Além da falta de articulação institucional, há dificuldades práticas, como a localização dos fóruns, exigência de trajes específicos e ausência de documentos pessoais. “Muitas dessas pessoas perderam seus documentos por alagamentos, furtos ou em ações de limpeza urbana. Sem identidade, não conseguem sequer ingressar com ações judiciais. E mesmo que procurem os tribunais, muitas vezes não há preparo dos servidores para acolhê-las. Existem programas assistencialistas, mas muito pouco se faz para mudar de fato essa realidade. O ideal seria promover transformação, e não apenas assistência temporária”, avalia Vilma.

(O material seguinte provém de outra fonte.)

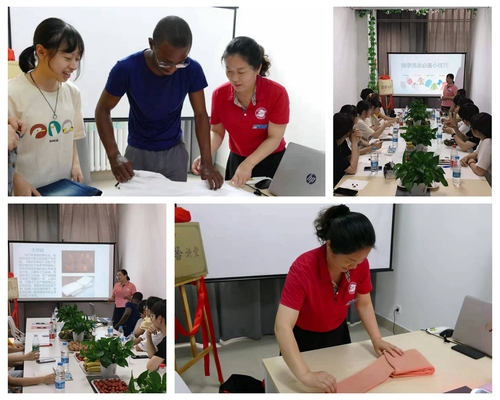 宿管生活老师毛升翠结合日常走访学生房间的案例,把衣物洗涤、防潮驱虫及收纳通过幽默风趣的语言、鲜活生动的实例进行讲解,赢得现场同学们的频频掌声。生活老师方玉从巧用折叠节省衣柜空间的角度,为同学们现场演示常用衣服的折叠方法,她不同寻常的折叠方法深深地吸引住同学们的目光,赢得同学们阵阵惊叹!在赞叹的同时,他们纷纷拿起课程准备的衣服开始现场实践操作,在老师们手把手的指导下,同学们很快领会到每一种折叠手法的要领。

Falta de dados e invisibilidade nas estatísticas
Na parte teórica da tese, Vilma utilizou uma pesquisa documental com abordagem dedutiva, investigando o histórico do acesso à justiça no país, desde os movimentos de expansão desse direito até as mudanças trazidas pela Emenda Constitucional nº 45, de 2004. Depois, direcionou o estudo ao perfil das pessoas em situação de rua, destacando questões como desemprego, pandemia, ausência de moradia e mudanças nos padrões dessa população, como o aumento de famílias vivendo nas ruas.
“Estudei mais a fundo quem são essas pessoas, suas histórias, e como sobrevivem. A pandemia foi um ponto de virada: aumentou muito o número de pessoas sem moradia, devido à perda de empregos e à incapacidade de manter os aluguéis. Isso levou a uma nova configuração: mais famílias nas ruas”, pontua a pesquisadora.
O trabalho também inclui um recorte interseccional, destacando que cerca de 80% das pessoas em situação de rua são homens negros com baixo nível de escolaridade. “Em Sergipe, praticamente não temos dados atualizados, o único levantamento recente foi feito em 2024, em Aracaju. No interior do estado, a ausência de informações é total. Não sabemos quantas pessoas estão nessas condições, nem como chegaram a elas, nem que tipo de apoio já receberam. Os poucos equipamentos existentes funcionam precariamente e estão concentrados na capital. O restante do estado está abandonado. Temos muito a avançar”, relata.
Formação para uma Justiça mais inclusiva
No comando da Ejud-20, Vilma também ressalta a importância da qualificação contínua de magistrados e servidores como forma de promover uma Justiça mais sensível e inclusiva. “A Escola Judicial cumpre sua função ao oferecer os cursos obrigatórios e também investe em capacitações voltadas para temas essenciais, como os direitos de crianças e adolescentes, enfrentamento de violências e formas degradantes de trabalho”, explica.
Para ela, é essencial que os profissionais do Judiciário estejam preparados para lidar com as múltiplas vulnerabilidades que envolvem grupos sociais marginalizados. “A transformação só será possível quando deixarmos de ver essas pessoas como um problema social e passarmos a reconhecê-las como sujeitos de direitos”, afirma.
A pesquisa de Vilma Leite Machado Amorim representa um chamado à ação, tanto para o Judiciário quanto para o poder público e para a sociedade civil. Seu estudo revela de maneira clara as falhas na implementação de uma política que poderia ter um impacto transformador, mas que permanece travada entre a burocracia e a falta de compromisso institucional. Ao indicar caminhos e destacar a urgência de medidas coordenadas, a tese oferece subsídios importantes para a construção de políticas públicas mais eficazes. “Ignorar essas vozes é manter a exclusão de milhares de brasileiros que continuam à margem, inclusive da Justiça”, finaliza.